Nam et al.⁴² in 2011 retrospectively reviewed the records of 106 men, 30 hypogonadal (tT <350 ng/mL) and 76 eugonadal. They found that hypogonadal men had significantly more severe curvature at 32.0°, compared with eugonadal men at 21.8° (p = 0.03). Similarly, penile plaques were significantly larger in men with low testosterone, 3.0 cm, compared with men with normal testosterone, 2.0 cm (p = 0.04). Pain with erection, however, did not differ based on gonadal status (p = 0.44).

Cavallini et al. in 2012 also investigated curvature, plaque size, and pain. In a total of 106 men with PD, 54 hypogonadal (bioavailable testosterone under 3.8 nmol/L or fT under 25 pmol/L) and 52 eugonadal, no significant difference in curvature was found, 18.4° in hypogonadal men compared with 16.2° in eugonadal men (p = 0.23); similarly, hypogonadal and eugonadal men experienced the same amount of pain (p = 0.34). However, plaques in men with low testosterone were significantly larger, 4.9 cm², compared with men with normal testosterone, 3.6 cm² (p < 0.01). In addition, 43 hypogonadal men received intralesional verapamil, 20 with testosterone supplementation and 23 with placebo. Pain significantly improved in both groups (p < 0.01), however plaque area and penile curvature significantly improved (p < 0.01) only in the testosterone supplementation group.²⁹

The previously discussed retrospective study of 300 men with either PD or ED by Kirby et al. in 2019 also assessed the degree of curvature and plaque size. Degree of curvature was found to not differ significantly between hypogonadal (tT <300 ng/dL) and eugonadal men (p = 0.74). Similarly, mean plaque size was measured at 3.5 cm for both groups (p = 0.85).³¹

In another retrospective analysis from 2019, Mulhall et al. examined 184 men with stable chronic disease and compared penile curvature between hypogonadal (n = 33, defined as tT <300 ng/dL) and eugonadal (n = 151) men. Men with low testosterone had a mean curvature of 35° compared with 34° in eugonadal men (p = 0.70). When analyzed as continuous variables, there were no associations found between either tT (r = −0.01, p = 0.95) or fT (r = −0.003, p = 0.95) and degree of curvature. These findings were echoed on multivariate analysis, as both tT (β = −0.01, p = 0.95) and fT (β = −0.01, p = 0.95) were not predictive of degree of curvature. Finally, there was no observed difference between tT z-scores (r = −0.003, p = 0.95) or fT z-scores (r = −0.08, p = 0.43) and degree of curvature.³⁴

Can et al. in 2020 in an analysis of 147 men with PD found an interestingly positive association between tT and curvature degree that did not reach statistical significance (r = 0.207, p = 0.057).

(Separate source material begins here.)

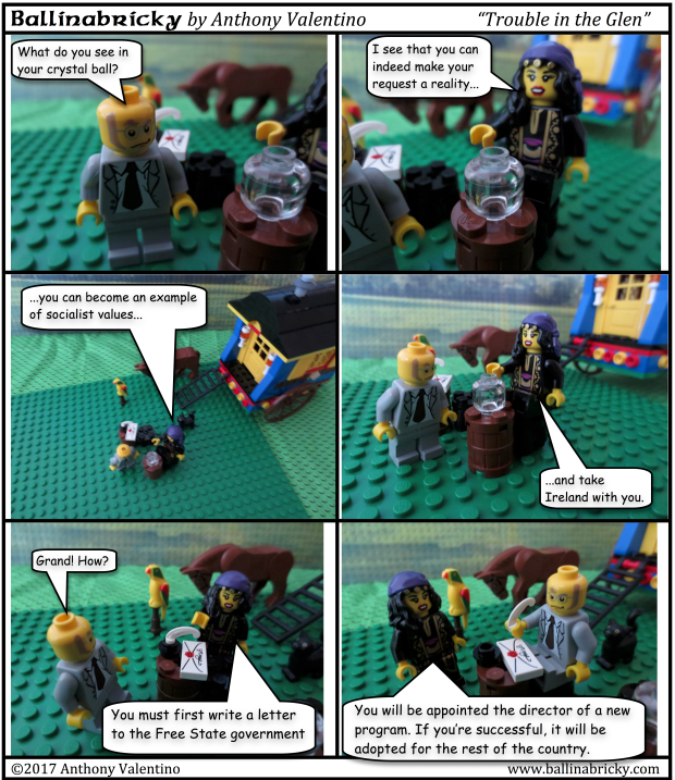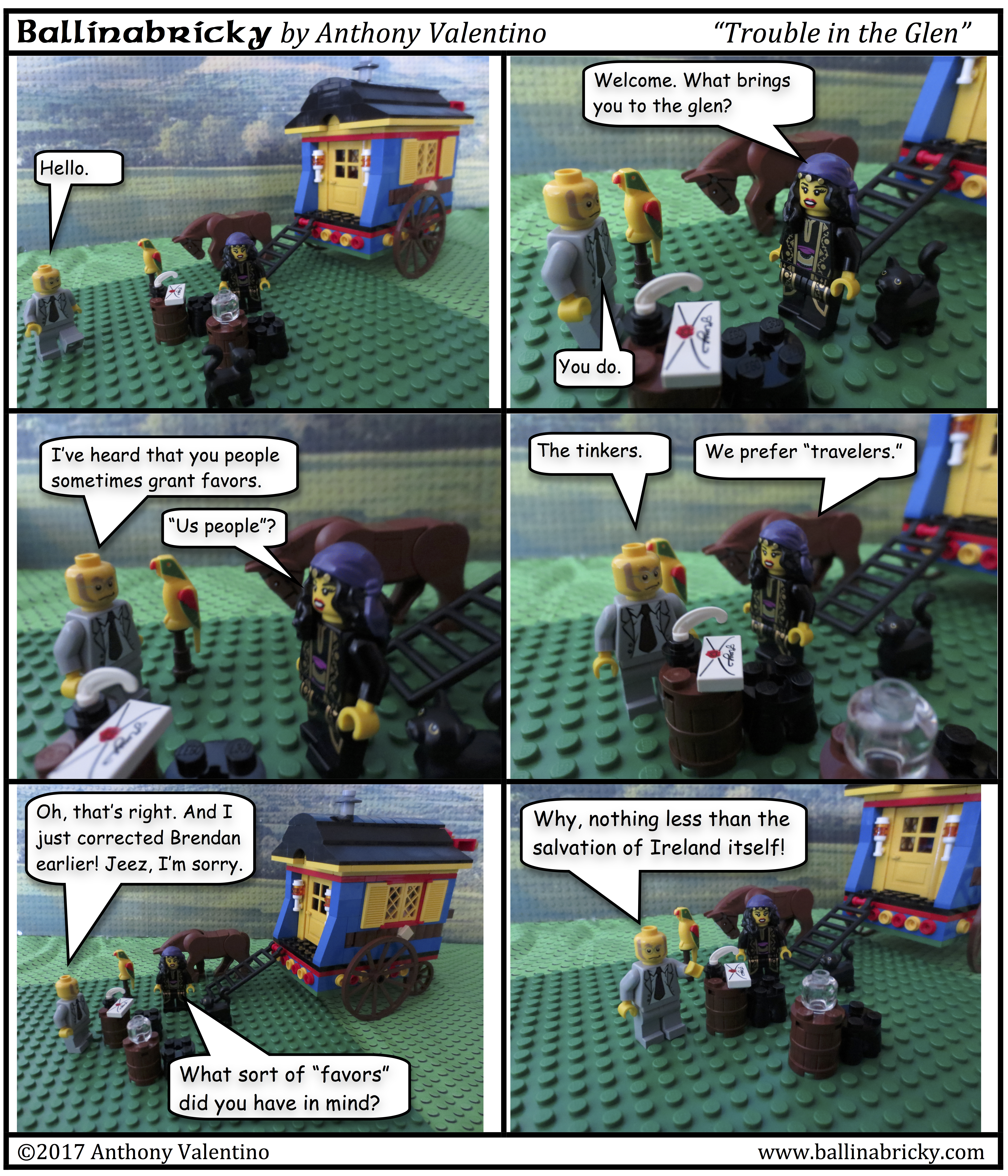 Trouble in the Glen 10/20/17 – 5/4/18 — A mysterious couple camps out in the glen, and the residents of Ballinabricky seek magical help for what ails them. Be careful what you wish for…

Penile plaque size also did not differ based on tT (r = 0.038, p = 0.731).²⁰

In a retrospective analysis of 149 men presenting with chronic phase PD, Candela et al. compared penile curvature, plaque size, and pain between hypogonadal men (n = 21, defined as tT <10.4 nmol/L) and eugonadal men (n = 128). Among hypogonadal men, median curvature as measured by a goniometer during maximal rigidity was 40°, compared with 45° in eugonadal men (p = 0.7). Similarly, median plaque size did not differ between hypogonadal or eugonadal men, 1.5 and 1.3 cm, respectively (p = 0.4). Finally, based on the standardized PD questionnaire, hypogonadal and eugonadal men experienced similar levels of subjective symptoms (p = 0.6), pain (p = 0.3), and bother (p = 0.5).³⁵

In summary, three of the nine studies support a statistically significant association between PD severity and hypogonadism, while six of nine do not support such an association (Tables 2 and 3).

Table 3.

Studies Examining the Relationship Between Testosterone and Plaque Size

Study	Low T #	Normal T #	Low T size	Normal T size	p	Notes
Can et al.²⁰	Unknown	Unknown	Unknown	Unknown	0.731	147 PD patients, based on length
Candela et al.³⁵	21	128	1.5 cm	1.3 cm	0.4	Based on length
Kirby et al.³¹	46	41	3.5 cm	3.5 cm	0.85	Based on length
Cavallini et al.²⁹	54	52	4.9 ± 2.2 cm²	3.6 ± 1.8 cm²	0.0034	Based on area
Nam et al.⁴²	30	76	3.0 ± 1.2 cm	2.0 ± 1.2 cm	0.039	Based on length
Moreno and Morgentaler²⁴	90	31	2.05 ± 0.71 cm	1.88 ± 0.58 cm	0.446	Based on length

Discussion

The true etiology of PD remains unclear, but the pathophysiology is believed to be a form of abnormal wound healing, due to the formation of fibrous collagenous plaques within a previously traumatized tunica albuginea.^1–10 It has been well established that testosterone is an anabolic endogenous hormone that has a positive effect on wound healing. Furthermore, testosterone has anti-inflammatory properties by means of sequestering the circulation of inflammatory cytokines and plays a significant role in regulating collagen metabolism.

With regard to PD, it has been shown that TGF-β1 is one of the most potent fibrogenic cytokines and upregulated in Peyronie plaques. It has also been demonstrated that androgens, such as testosterone, prevent TGF-β1 expression, which has an active role on fibrosis.³⁶ Furthermore, regulators of collagen metabolism such as matrix metalloproteinases and tissue inhibitors of metalloproteinsase-2 have been shown to be affected by androgens.^26,37,38 This basic science evidence has prompted clinical studies to evaluate the role of hypogonadism in the development of PD. In addition, the associations seen with testosterone and libido, erectile, and sexual function, as well as the high rate of hypogonadism in older men, the same population who typically develop PD, have provided clinical rationale for these investigations.^24,39

While androgens' effect on collagen formation discovered in the basic science laboratory makes a potential case for clinical relationship between testosterone and PD, this is not borne out in the literature. Unfortunately, the current studies are plagued by significant heterogeneity, confounding variables, and conflicting conclusions. First, the published studies use varying cutoffs to define hypogonadism, ranging from a tT of 300 ng/dL suggested by the AUA to 350 ng/dL; others use fT cutoffs of 1.0 ng/dL or 1.5 ng/dL.⁴⁰ These definitions are especially critical when examining the severity of PD symptoms, as an effective study design necessitates comparing a hypogonadal group with a eugonadal control group.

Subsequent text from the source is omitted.